Stored data:
****

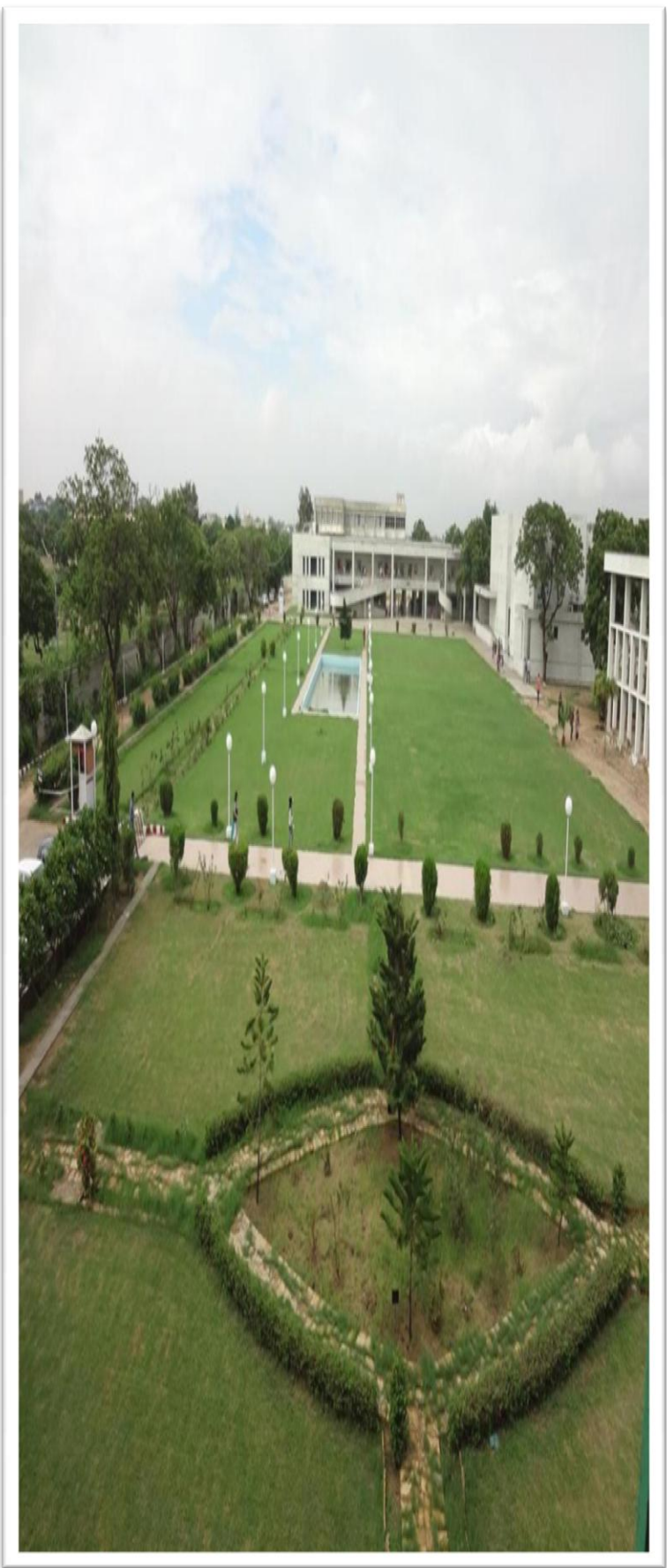
MAIN CAMPUS LAWN
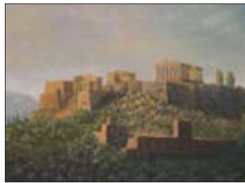
Lance Maloney Acropolis Athens Greece - Oil
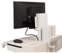
OPTIPLEX MICRO DUAL VESA MOUNT

This mount allows the Micro to be VESA mounted to select Dell E Series displays.
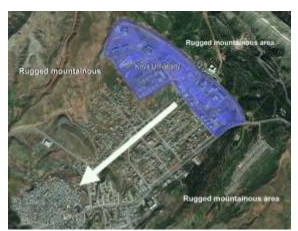
Fig 5. The location of Koya University at the foot of the mountain

Koya University was founded in October 2003 and currently has 4 faculties consisting of 25 departments. The University Complex is located at the foot of the Haibat Sultan Mountain, northeast of Koya, 3 km from the city centre [7]. As shown in Fig. 5, the University is surrounded by a rugged mountainous area from three sides, which means that the city can only grow in one direction.
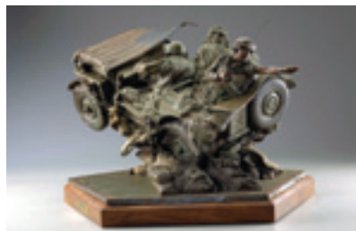
"Band of Brothers"
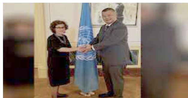
MEETING WITH UNHCHR. Justice Secretary Jesus Crispin Remulla meets with UN Acting High Commissioner for Human Rights Nada al-Nashif at the Palais Wilson in Geneva, Switzerland on Oct. 4, 2022.

Department of Justice (DOJ) Secretary Jesus Crispin Remulla has met with the United Nations Acting High Commissioner for Human Rights in Geneva, Switzerland on Oct. 4.
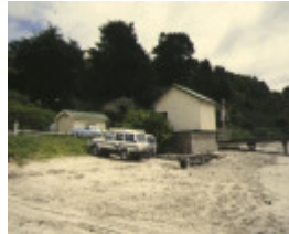
1 former jetty cargo shed flinders foreshore flinders view of sheds
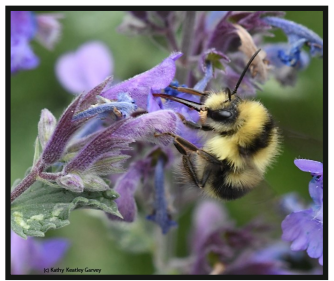
Yellow Faced Bumble Bee

You have probably seen the large, fuzzy bumble bees in your garden. The most common types we see locally are black or yellow-faced bumble bees. Both varieties have fuzzy abdomens and nest in underground holes or above-ground dark cavities with other bees. They are usually around for a longer period than other native bees, spanning from March through August. They are attracted to many flowers and if you have tomato plants, you will probably want bumble bees in your garden for pollination.
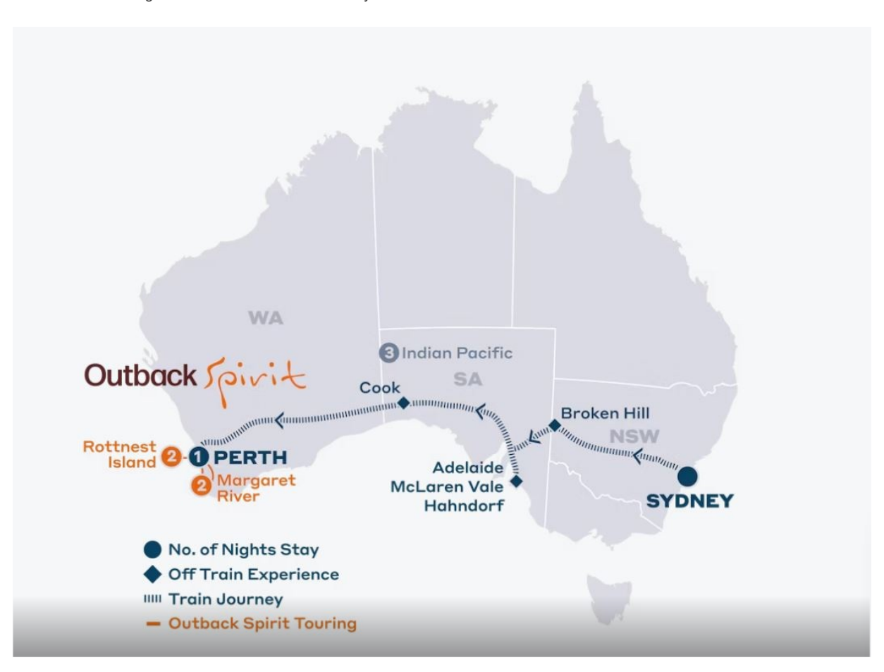
Indian Pacific - Margaret River & Rottnest Discovery

****

### Action item
Take each line above that contains "Geneva" and copy it out.

### Response area
MEETING WITH UNHCHR. Justice Secretary Jesus Crispin Remulla meets with UN Acting High Commissioner for Human Rights Nada al-Nashif at the Palais Wilson in Geneva, Switzerland on Oct. 4, 2022.
Department of Justice (DOJ) Secretary Jesus Crispin Remulla has met with the United Nations Acting High Commissioner for Human Rights in Geneva, Switzerland on Oct. 4.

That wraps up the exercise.